*What you need to do*
Without the pictures, write out all the lines below exactly as they appear.

*Exercise data*

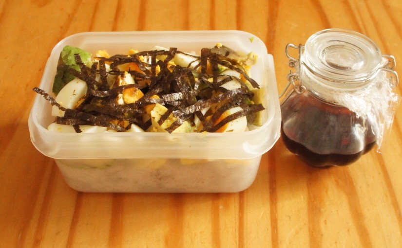 週末旅行明けのお弁当は楽チン弁当。冷凍しておいた雑穀米にアボカドとゆで卵をおいて海苔をかけたアボカド丼。食べる直前に麺つゆをかけて食べます。
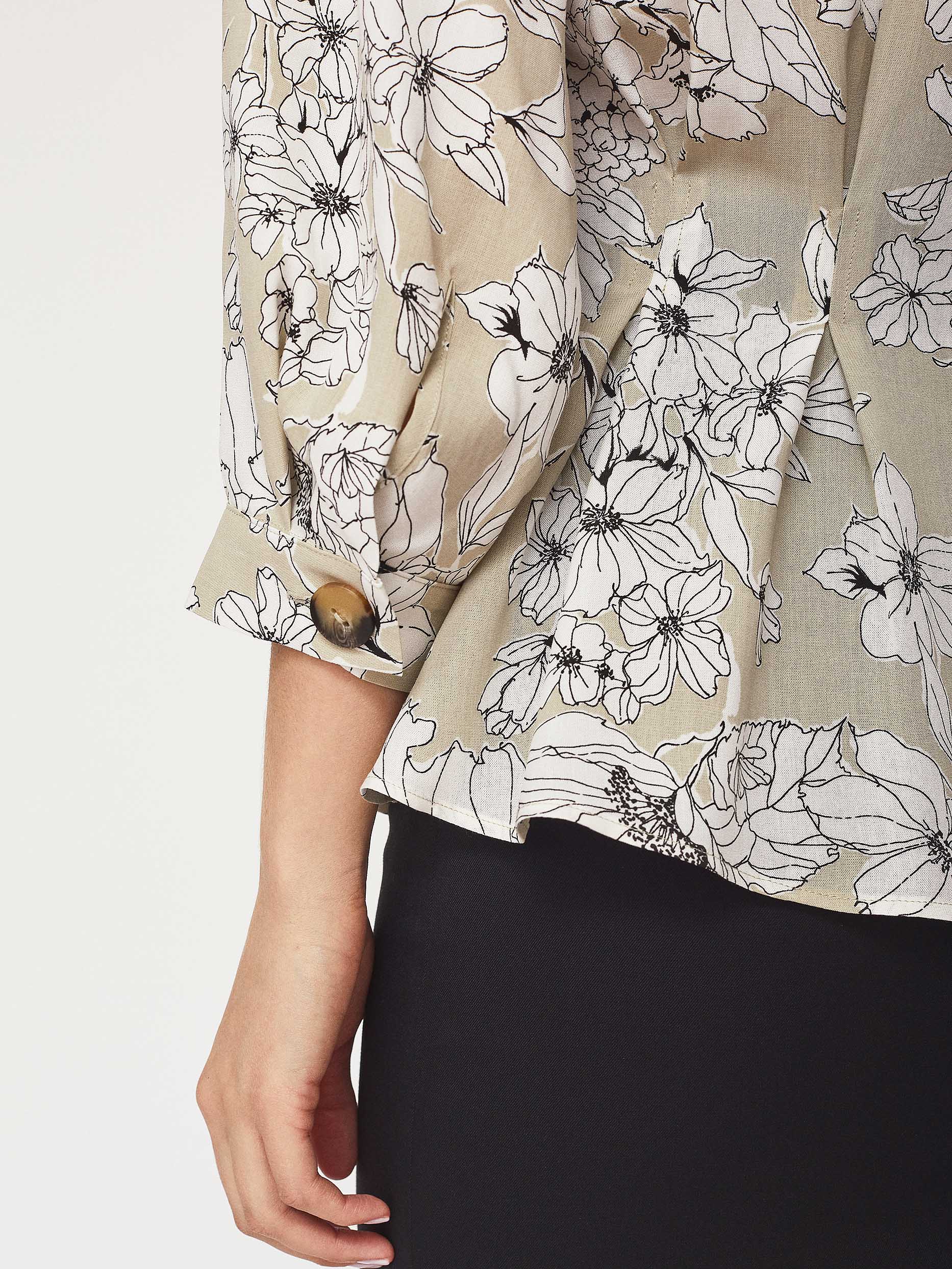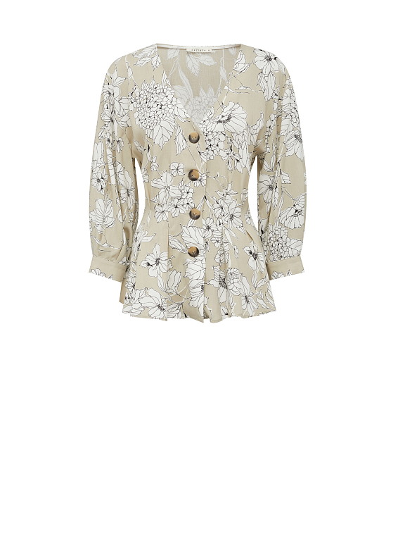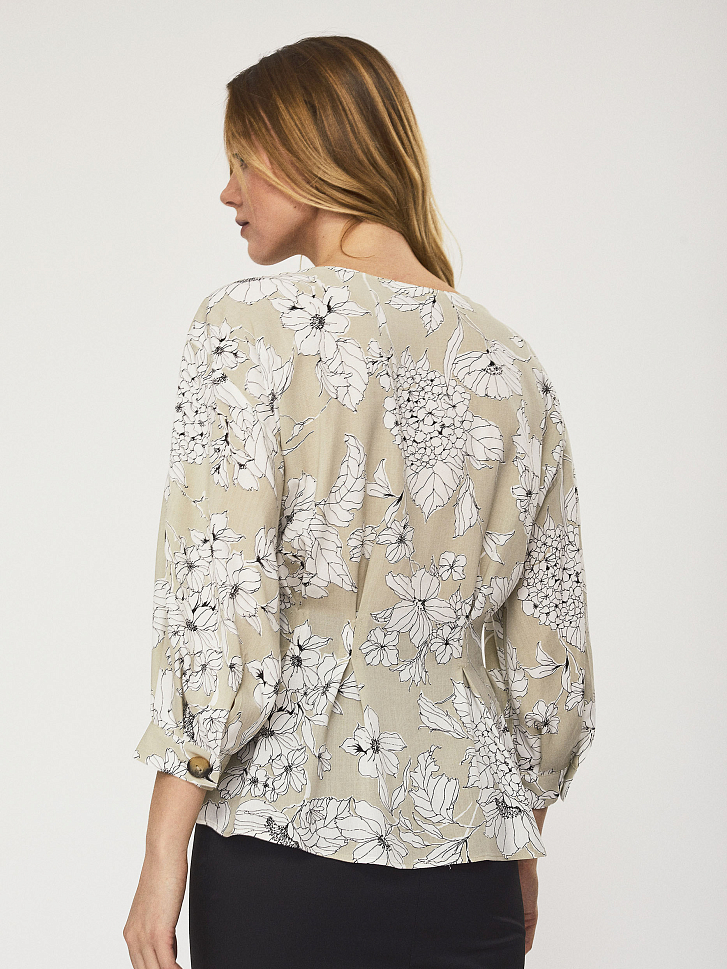 Блуза приталенного кроя, выполненная из 100% вискозы. Защипы на талии, V-образный вырез, объемные рукава длины ¾. Застегивается на ряд крупных пуговиц.
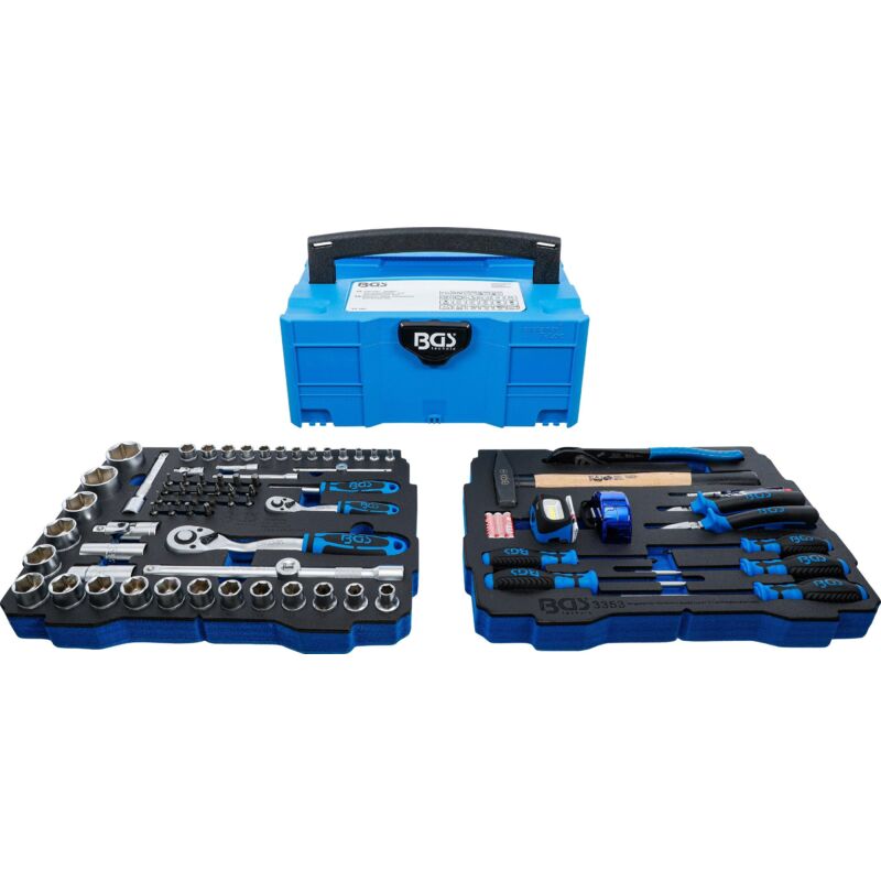Kit di strumenti di base ideale per il meccanico esigente, il tuttofare e il fai-da-te con i suoi 77 pezzi, questo set di strumenti offre un'ampia scelta di utensili ed è adatto a molte applicazioni sistema intelligente di trasporto e stoccaggio utilizzo con una sola mano: chiudere, aprire e collegare con altri systainer in robusta plastica ABS maniglia funzionale e chiusura T-Loc questa valigia fa parte di un sistema multicomponente, impilabile (i contenitori possono essere collegati e trasportati) incl. imbottitura protettiva situata sul coperchio superiore Dimensione interne: larghezza 383 mm | altezza 127,5 mm | profondità 267 mm protetto contro gli spruzzi d'acqua inserti per bussole: prolunghe, cricchetti reversibili, pinze in acciaio al cromo vanadio Finitura superficiale: cromato, opaco cacciavite e inserti in acciaio-cromo-vanadio di alta qualità (S2) Oggetto della fornitura: 1 cricchetto reversibile | dentatura fine | 6,3 mm (1/4) (BGS 618) 1 cricchetto reversibile |
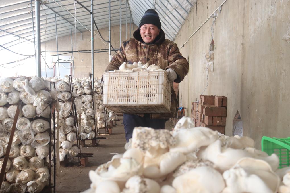 春节前后正是销售高峰,一筐筐的白灵菇被送到工人手上。基部切下用于制作蘑菇酱,肥厚的菌盖等部分则打包装箱,通过冷链发往终端销售。徐宏伟告诉记者,改换品种并优化种植技术后,一个棚最高能实现盈利十几万元。
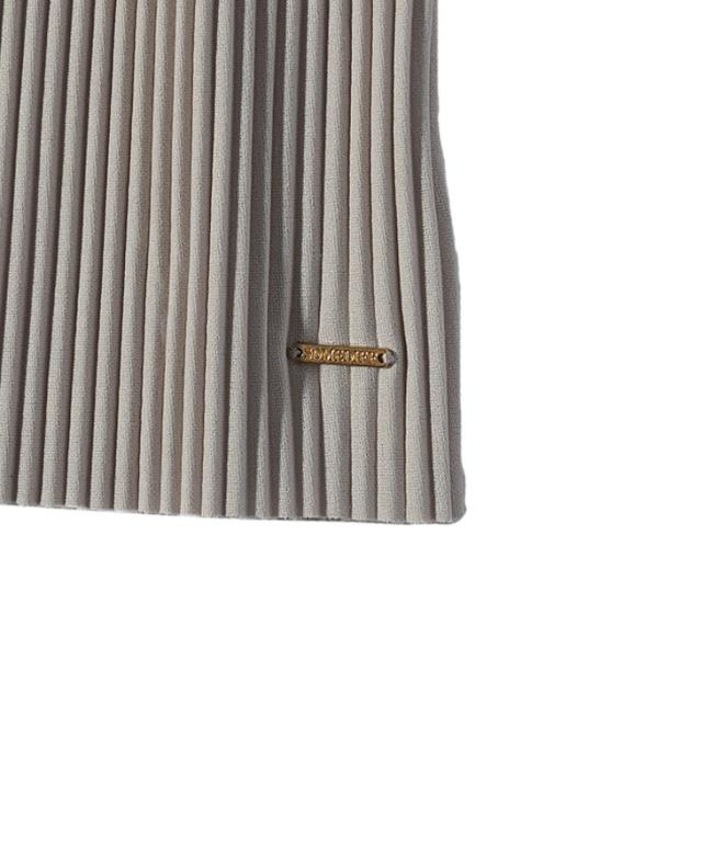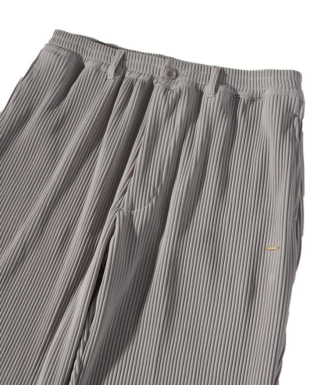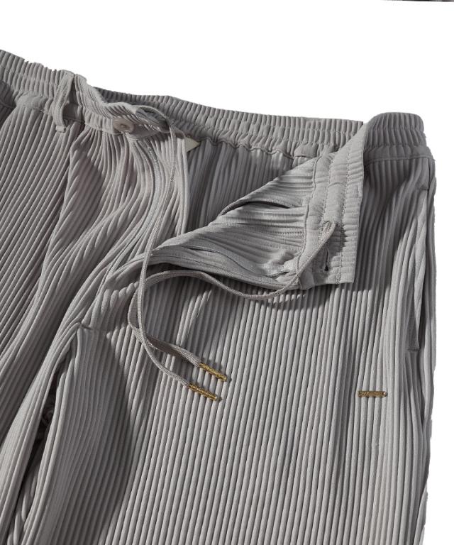 ロングパンツは、縦に流れるプリーツが脚をすっきり見せ、

*Solution to this exercise*
 週末旅行明けのお弁当は楽チン弁当。冷凍しておいた雑穀米にアボカドとゆで卵をおいて海苔をかけたアボカド丼。食べる直前に麺つゆをかけて食べます。
 Блуза приталенного кроя, выполненная из 100% вискозы. Защипы на талии, V-образный вырез, объемные рукава длины ¾. Застегивается на ряд крупных пуговиц.
Kit di strumenti di base ideale per il meccanico esigente, il tuttofare e il fai-da-te con i suoi 77 pezzi, questo set di strumenti offre un'ampia scelta di utensili ed è adatto a molte applicazioni sistema intelligente di trasporto e stoccaggio utilizzo con una sola mano: chiudere, aprire e collegare con altri systainer in robusta plastica ABS maniglia funzionale e chiusura T-Loc questa valigia fa parte di un sistema multicomponente, impilabile (i contenitori possono essere collegati e trasportati) incl. imbottitura protettiva situata sul coperchio superiore Dimensione interne: larghezza 383 mm | altezza 127,5 mm | profondità 267 mm protetto contro gli spruzzi d'acqua inserti per bussole: prolunghe, cricchetti reversibili, pinze in acciaio al cromo vanadio Finitura superficiale: cromato, opaco cacciavite e inserti in acciaio-cromo-vanadio di alta qualità (S2) Oggetto della fornitura: 1 cricchetto reversibile | dentatura fine | 6,3 mm (1/4) (BGS 618) 1 cricchetto reversibile |
 春节前后正是销售高峰,一筐筐的白灵菇被送到工人手上。基部切下用于制作蘑菇酱,肥厚的菌盖等部分则打包装箱,通过冷链发往终端销售。徐宏伟告诉记者,改换品种并优化种植技术后,一个棚最高能实现盈利十几万元。
 ロングパンツは、縦に流れるプリーツが脚をすっきり見せ、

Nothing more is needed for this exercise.